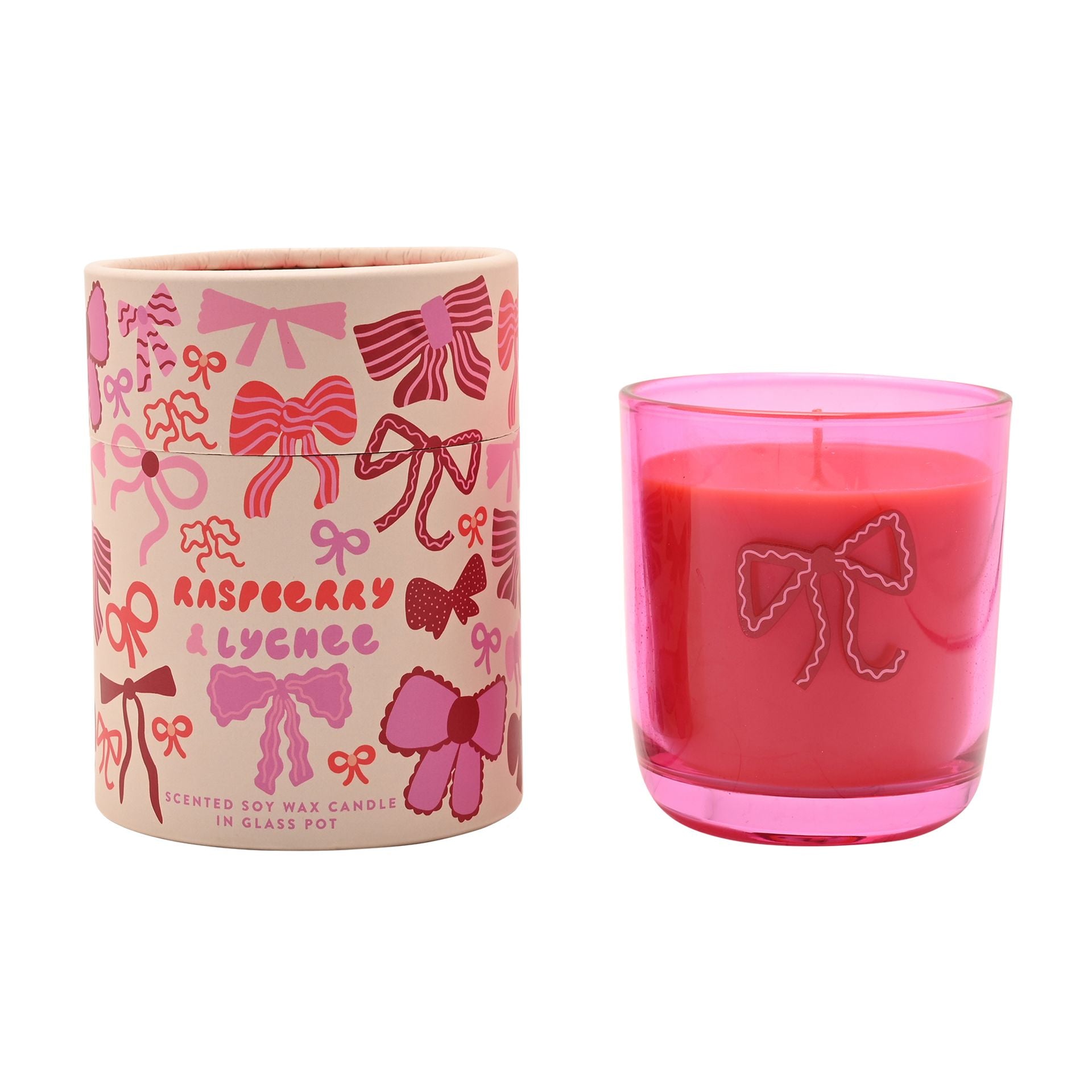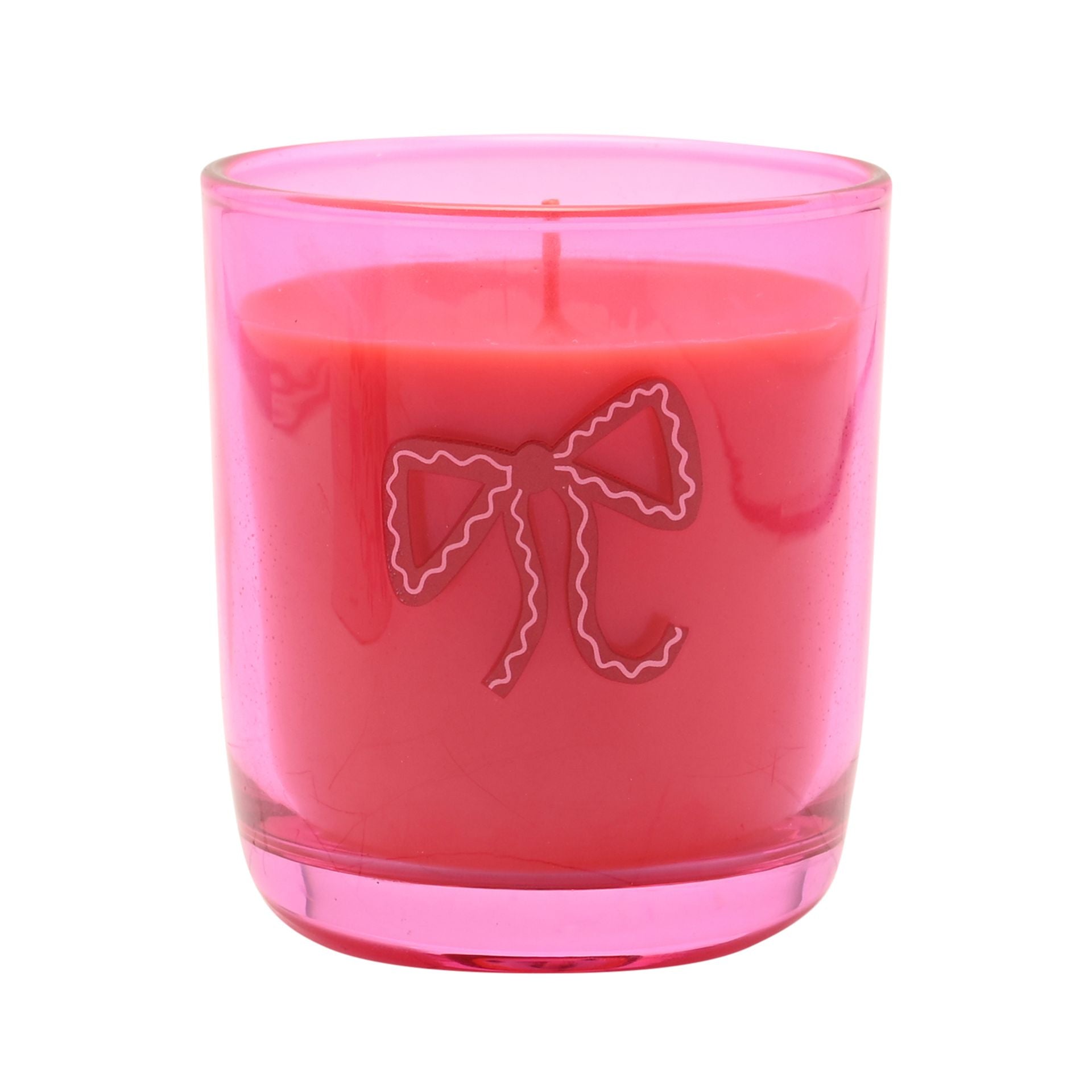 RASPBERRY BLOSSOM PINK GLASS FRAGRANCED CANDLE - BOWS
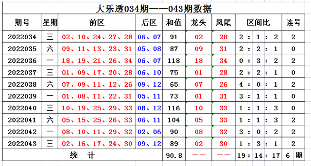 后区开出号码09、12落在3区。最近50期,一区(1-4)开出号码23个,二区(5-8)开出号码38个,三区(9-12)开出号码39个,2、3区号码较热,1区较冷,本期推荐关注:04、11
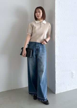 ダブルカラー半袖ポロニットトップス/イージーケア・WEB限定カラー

--

◆ **Task requirements**
The copy must match the listing above exactly but contain no pictures.

◆ **Answer**
 RASPBERRY BLOSSOM PINK GLASS FRAGRANCED CANDLE - BOWS
 后区开出号码09、12落在3区。最近50期,一区(1-4)开出号码23个,二区(5-8)开出号码38个,三区(9-12)开出号码39个,2、3区号码较热,1区较冷,本期推荐关注:04、11
 ダブルカラー半袖ポロニットトップス/イージーケア・WEB限定カラー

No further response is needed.